Throughout a series of three exhibitions, HOME(LAND) investigates the complex issues surrounding contemporary cultural discourses on global migration, site, and identity. Artists from diverse backgrounds whose practice and work are infused with unique interracial complexities, examine questions on concepts such as kinship, ancestry, memory, and racialization.
The second exhibition, Terra Firma evokes the earth as a powerful natural element that connects us directly to the land, the territory that we inhabit and where we build and fabric our home. In the foreground, the selected works tackle ideas of symbio-politics, environmental governance, cultural borders, and social displacement and erasure from a perspective of individual resilience and community resistance and participation.
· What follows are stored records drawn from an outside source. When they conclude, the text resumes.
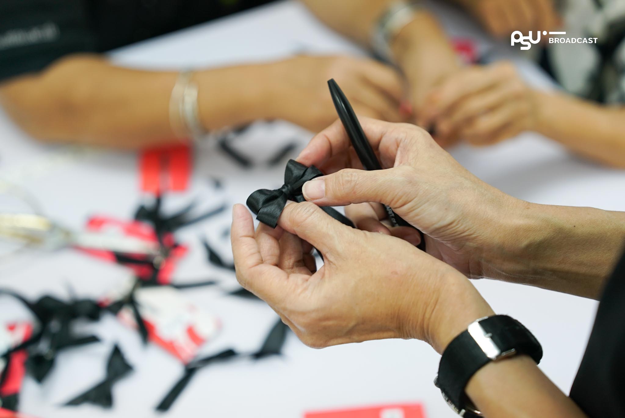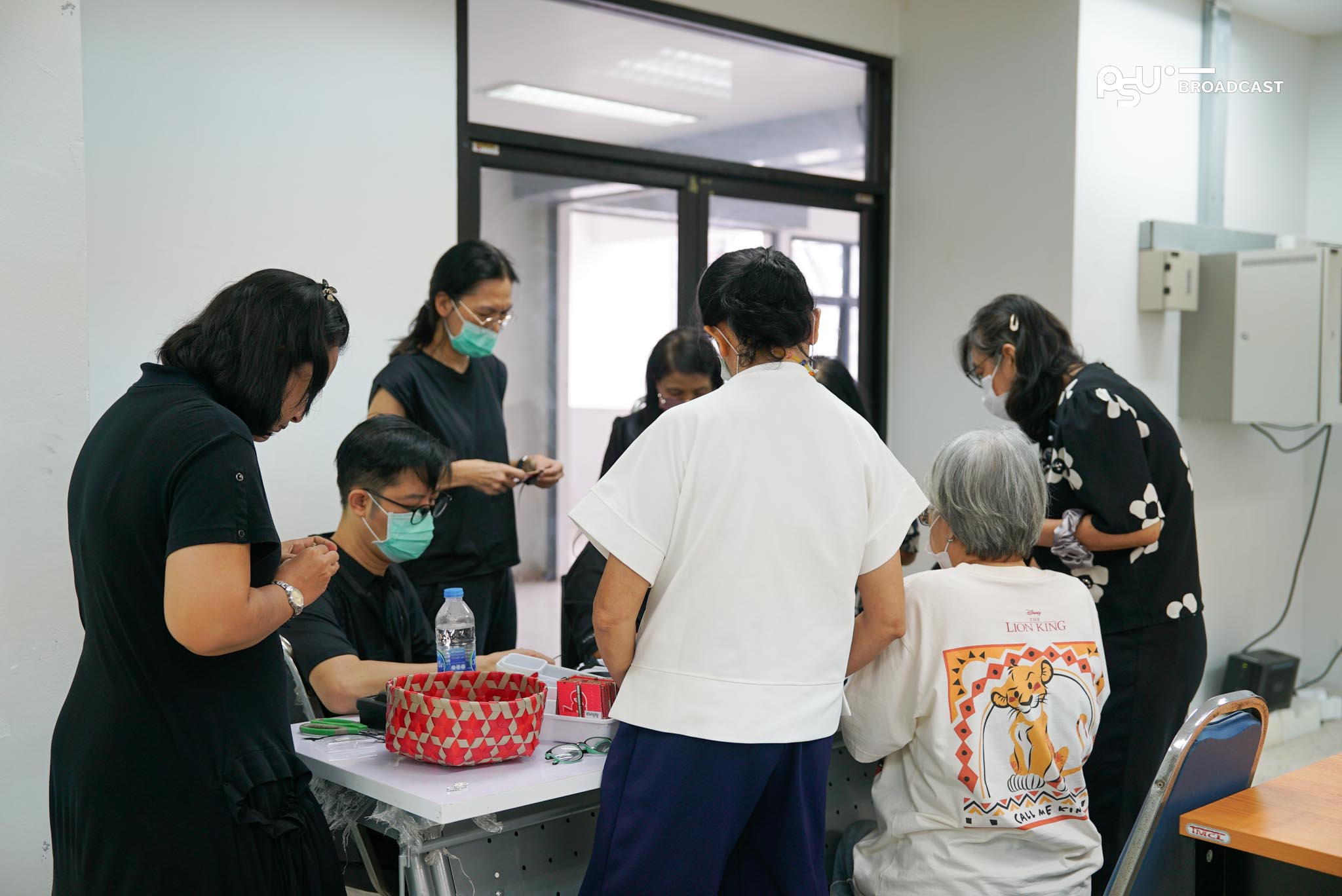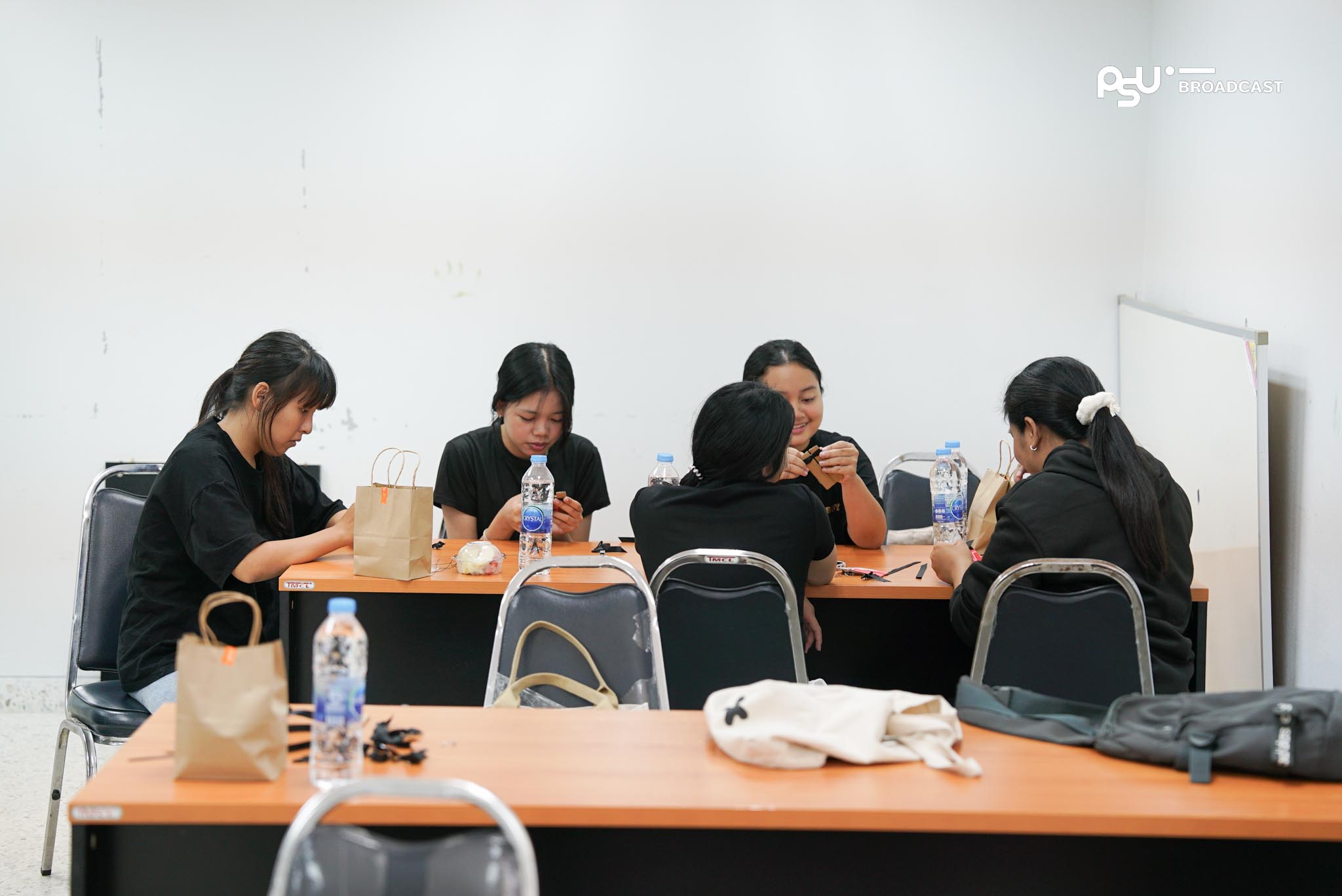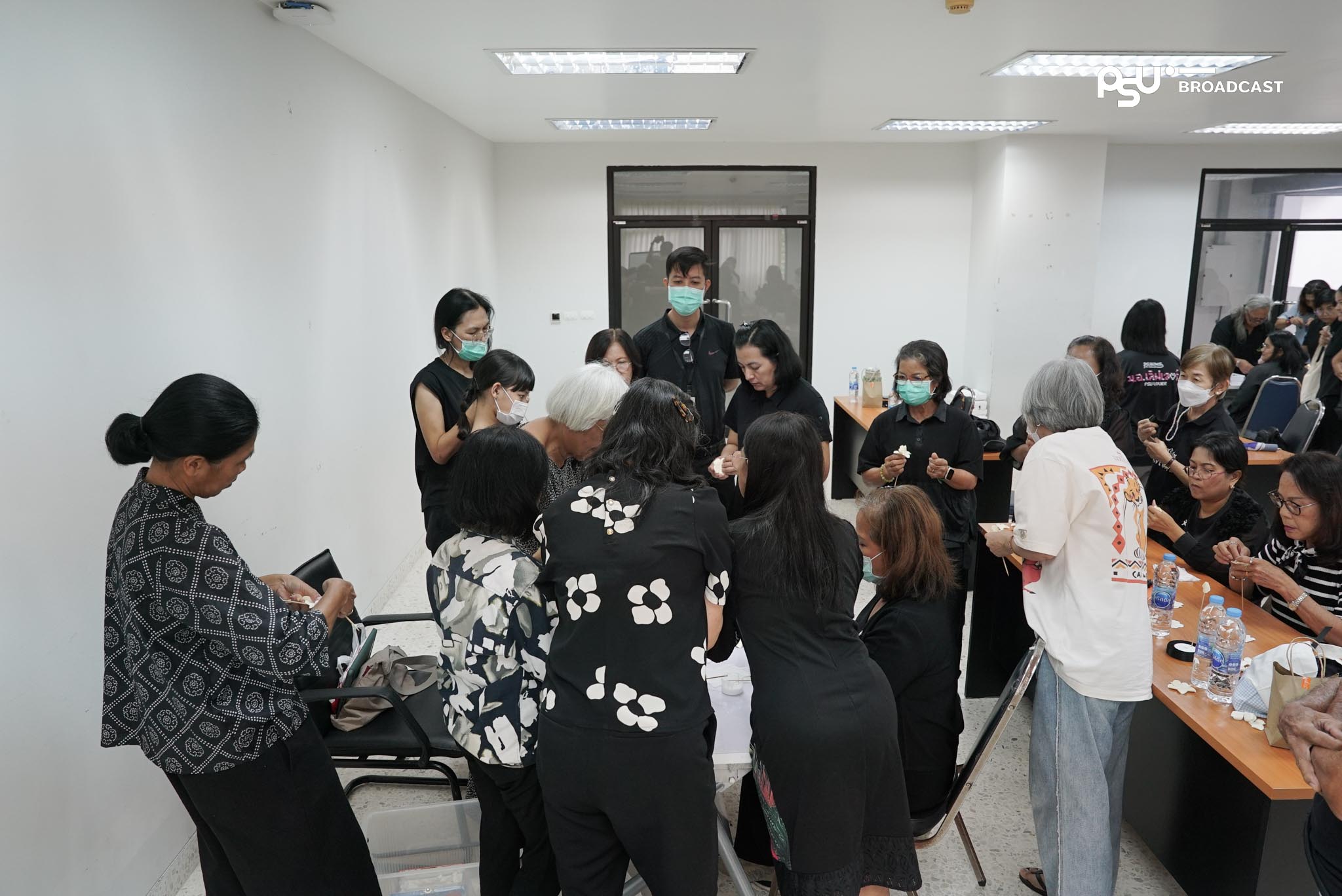 บรรยากาศกิจกรรมประดิษฐ์ “ริบบิ้นโบไว้ทุกข์” เพื่อถวายความอาลัยและน้อมสำนึกในพระมหากรุณาธิคุณสมเด็จพระนางเจ้าสิริกิติ์ พระบรมราชินีนาถ พระบรมราชชนนีพันปีหลวง (8 พฤศจิกายน 2568) ที่ห้องหมากกระดาน ชั้น 2 อาคารกีฬาและนันทนาการ ศูนย์กีฬาและสุขภาพ มหาวิทยาลัยสงขลานครินทร์ วิทยาเขตหาดใหญ่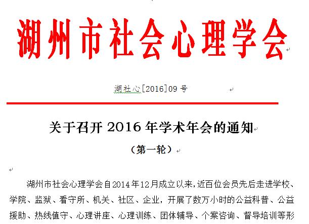 湖社心[2016]09号 关于召开2016年学术年会的通知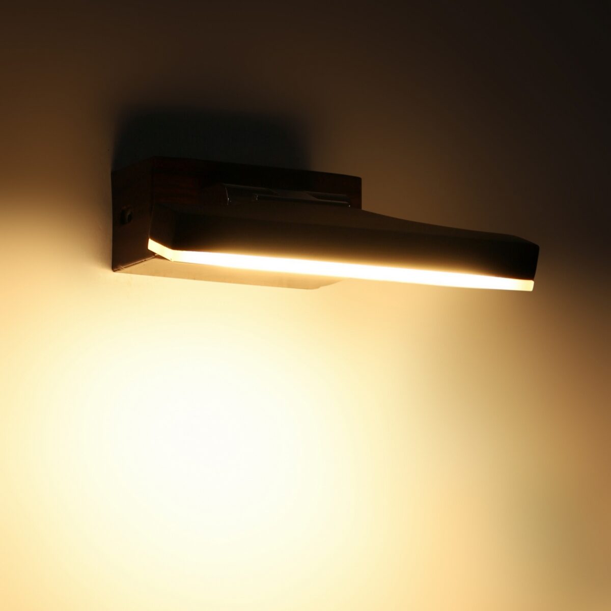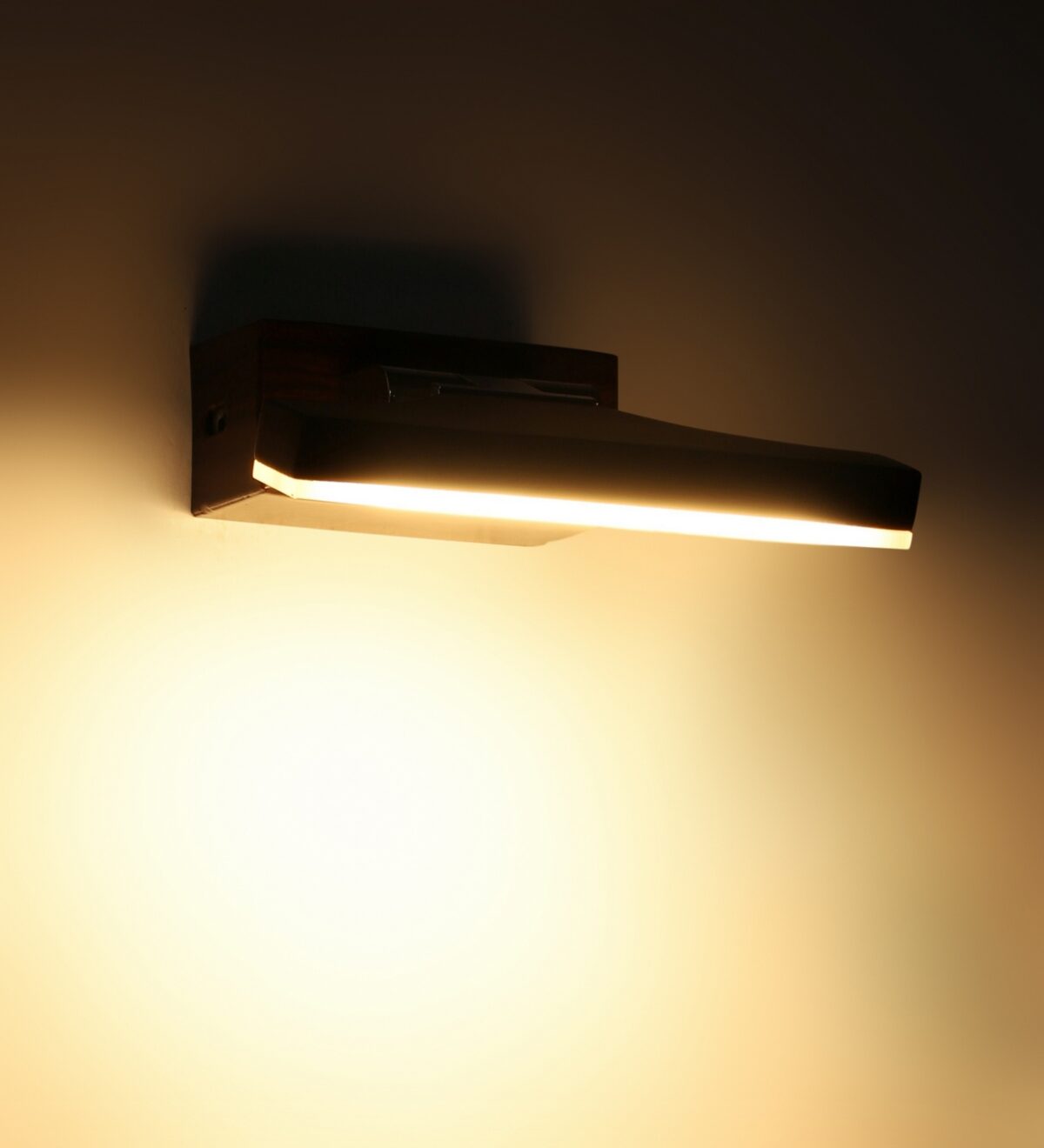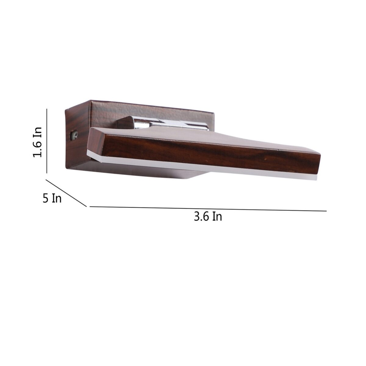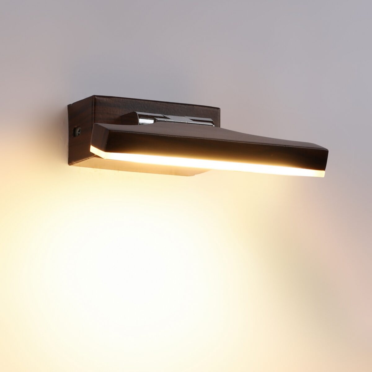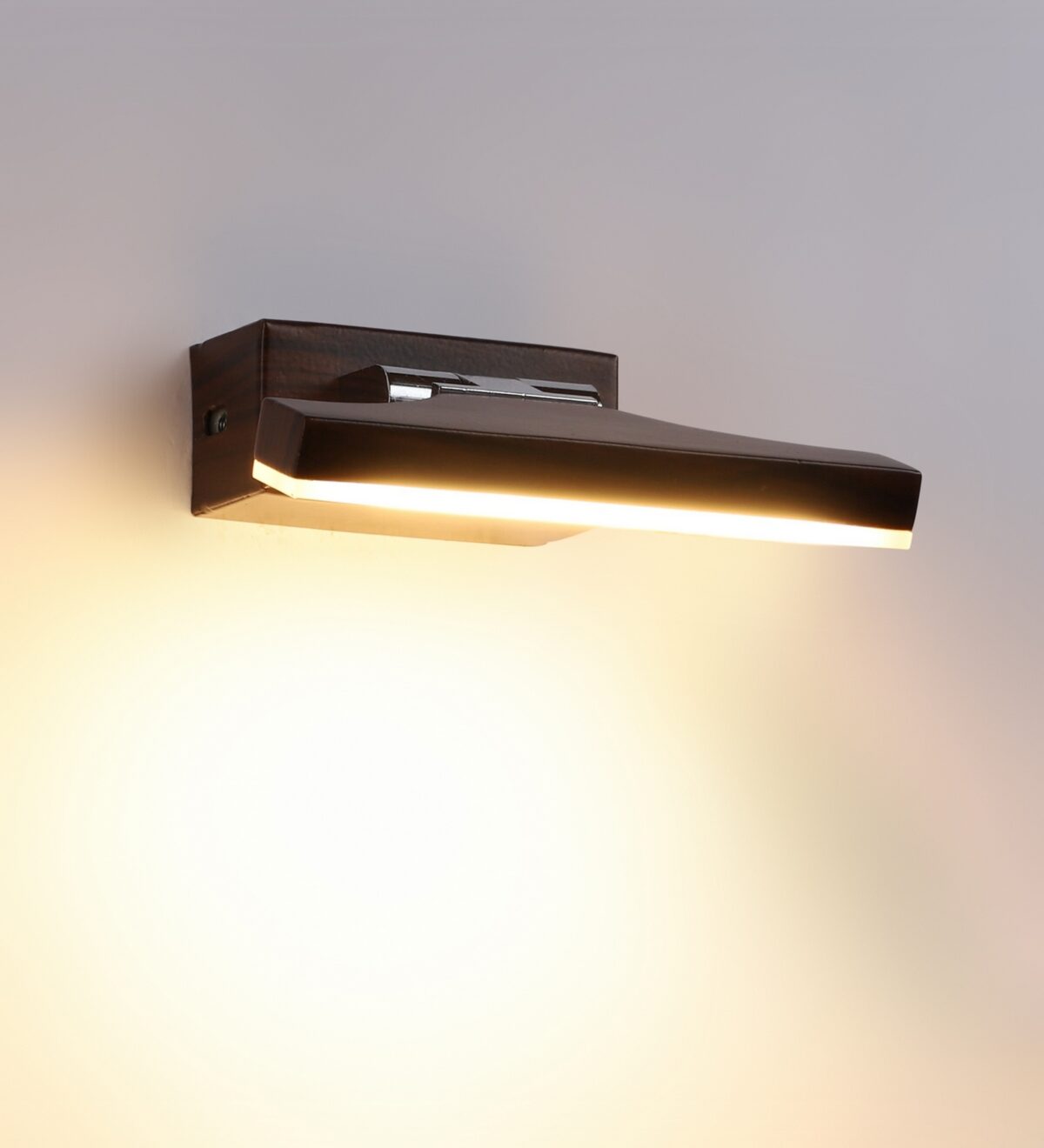 Exclusive dark brown (wood finish) LED picture light using high quality LED and driver with high success rate having less than 0.5% replacement with warm white (yellow) light output. It features one adjustible point. It is usually placed over the painting or a photo frame on the wall. Can also be used above the mirror. Its premium quality wood finish makes it one of the best selling product in our catalogue. Also available in white finish with code ML334-S. It can be made in silver, antique, copper, and black finish in case of bulk requirement.

Terra Firma explores how the earth, the soil and ultimately the land becomes an integral part of our identity and very being. Rooted in observation and interaction with natural landscapes, artists in this exhibition explore the notion of kinship as an interconnected and inextricable system existing between the earth, the land and all living things.
Helio Eudoro, O Manto, 2021. Wearable experiential garment. Dimensions Variable.
As an iteration of his previous performative work, O Manto de Invisibilidade 3, Eudoro constructs once again the Manto. This time by using non-gender clothes, he explores bias, cultural segmentation and suppression towards sex, gender and ultimately the body. He invites us to revisit how we came to identify ourselves through the body and how various social and cultural foundations often incite a behavioural need to be concealed or disguised and encourage a way of thinking in exile.
The Manto continues to be a symbolic and active component in Eudoro’s research for cultural inclusion. As a mechanism of power, it protects and reveals, activates the body and allows individuals and their identities to be free.